Resumo de Reunião Clínica
 

Um rapaz de pouco mais de vinte anos, casado e pai de três filhos, foi internado para se submeter a uma cirurgia para retirada de um tumor cerebral. Durante seu acompanhamento por um membro da equipe do CMP associada à enfermaria contou que esta era sua terceira internação em três hospitais diferentes e sua terceira tentativa de operar-se. No início disse que era porque os outros hospitais não faziam este tipo de cirurgia, mas depois ficou evidente que o paciente “fugira” nas vezes anteriores. Esteve muito ansioso durante todo o período de internação e quase não agüentou esperar também desta vez. Tinha medo da anestesia, de morrer, de ficar seqüelado e, principalmente, de fantasmas e assombrações, a ponto de não conseguir sair do seu leito à noite. Ele mesmo distingüia seus medos: o de fantasmas e assombrações dizia ter tido sempre, enquanto que os demais surgiram depois que soube que tinha um tumor cerebral.
Ao saber do diagnóstico do filho a mãe passou a acusar o pai de ser o responsável pela doença por ter-lhe batido e chutado a barriga quando estava grávida do paciente. O próprio paciente sentia-se culpado por não ter sido um bom pai, por ter feito uso, às vezes abusivo, de bebidas alcoólicas e outras coisas mais.

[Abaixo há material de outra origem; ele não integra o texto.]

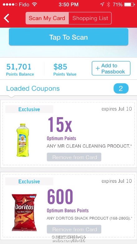 8、新卡的积分方式则是每消费$1就可得15点。之前的旧Shoppers Optimum卡的积分是每花$1给10点,Shoppers每个周末的各种20倍的积分活动继续举行,这样还能加速积分。同样的,Loblaw超市的各种积分奖励计划也继续执行。
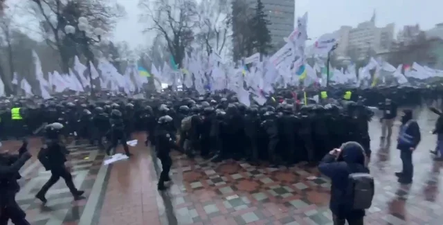 После провала голосования за законопроект об отсрочке введения кассовых аппаратов (PRO) предприниматели, митинговавшие под Верховной Радой, начали прорываться в здание парламента, сообщает "Страна".
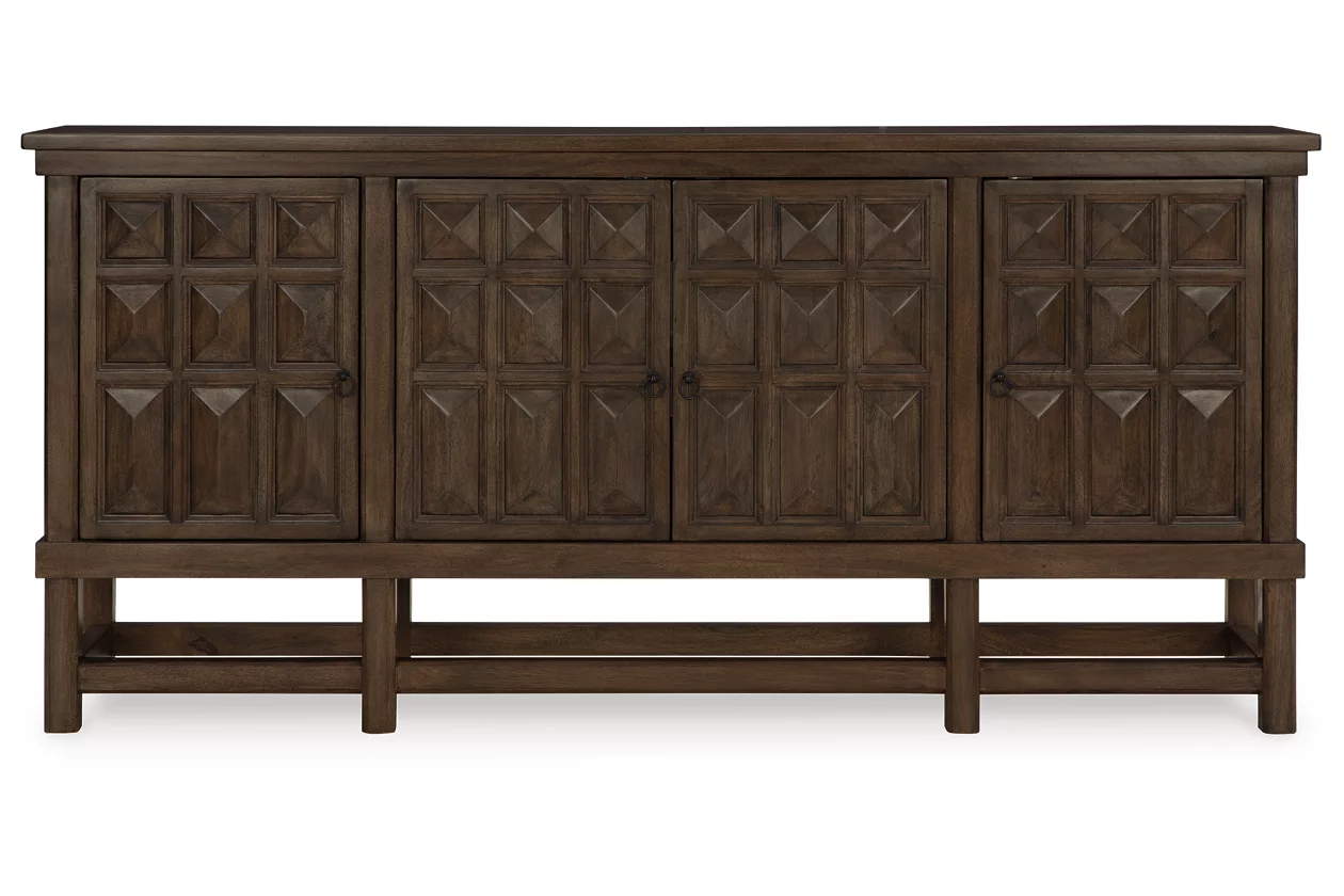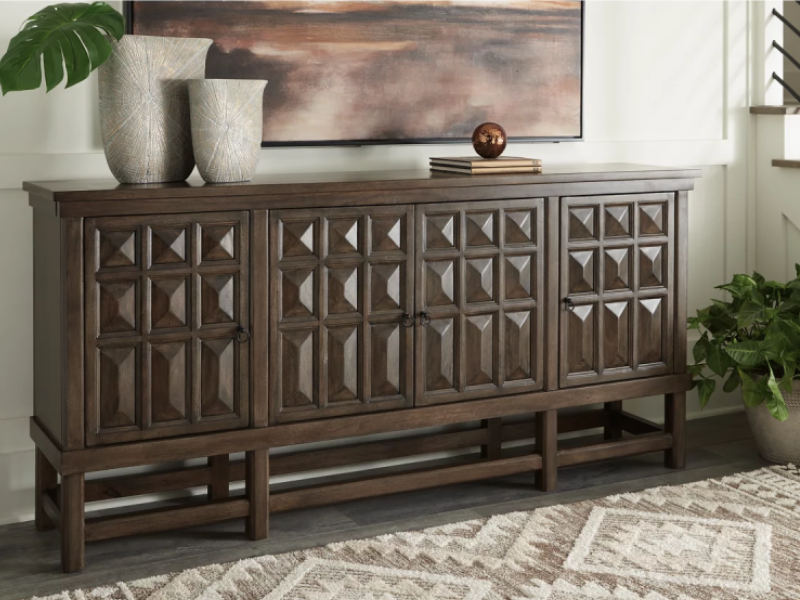 Besides its hide-away storage possibilities, the best thing about the Braunell accent cabinet is its beautifully carved cabinet doors. A step above the rest, this piece is so alluring and versatile. Three interior shelves accommodate your storage needs keeping you organized in the most artistic way.
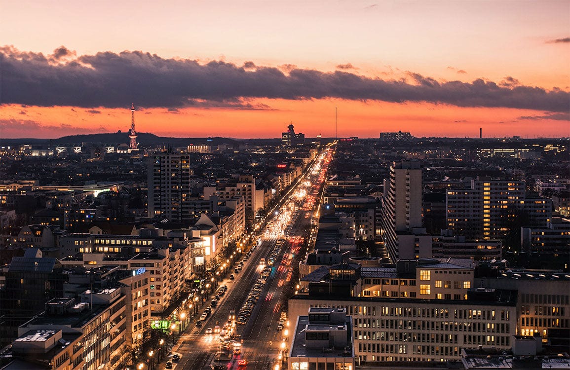 Transform your bedroom into a cozy and warm haven with the Berlin Night Wall Murals. This mural wallpaper features an overlooking view of the nighttime in Berlin, depicting the city's usual cityscape.

Após um mês  de internação foi operado com sucesso, não tendo tido nenhuma seqüela. A biopsia não revelou células cancerosas

A discussão girou em torno dos medos do paciente. Inicialmente apontou-se a necessidade de fazer-se a distinção entre os medos atuais (da cirurgia, da anestesia, das possíveis seqüelas) e o medo de fantasmas e assombrações, antigo e relacionado às culpas do paciente. Como costuma acontecer, a situação traumática atual (cirurgia) estava mobilizando situações traumáticas passadas, as quais estavam dando o colorido afetivo à experiência atual. Assim, para a elaboração da situação atual é necessário a elaboração dos traumas passados. E nesse sentido a análise da dinâmica relacionada aos sentimentos de culpa do paciente, que pelo relato pareciam estar ligados ao uso de bebidas e drogas, a sentimentos de ter falhado como pai e a uma agressividade inconsciente voltada contra os próprios pais, serviu para se compreender um pouco mais de seus traumas passados. A discussão encaminhou-se para a relação que costuma existir entre sentimentos de culpa, o tipo de agressividade do paciente e a percepção inconsciente dos desejos filicidas dos pais (o pai chutando a barriga grávida da mãe). Tal conjuntura psicodinâmica costuma prejudicar a elaboração da experiência edípica e estar associada ao desenvolvimento de uma agressividade e culpa também inconscientes e dirigidas aos pais com prejuízo de toda a dinâmica de construção da identidade.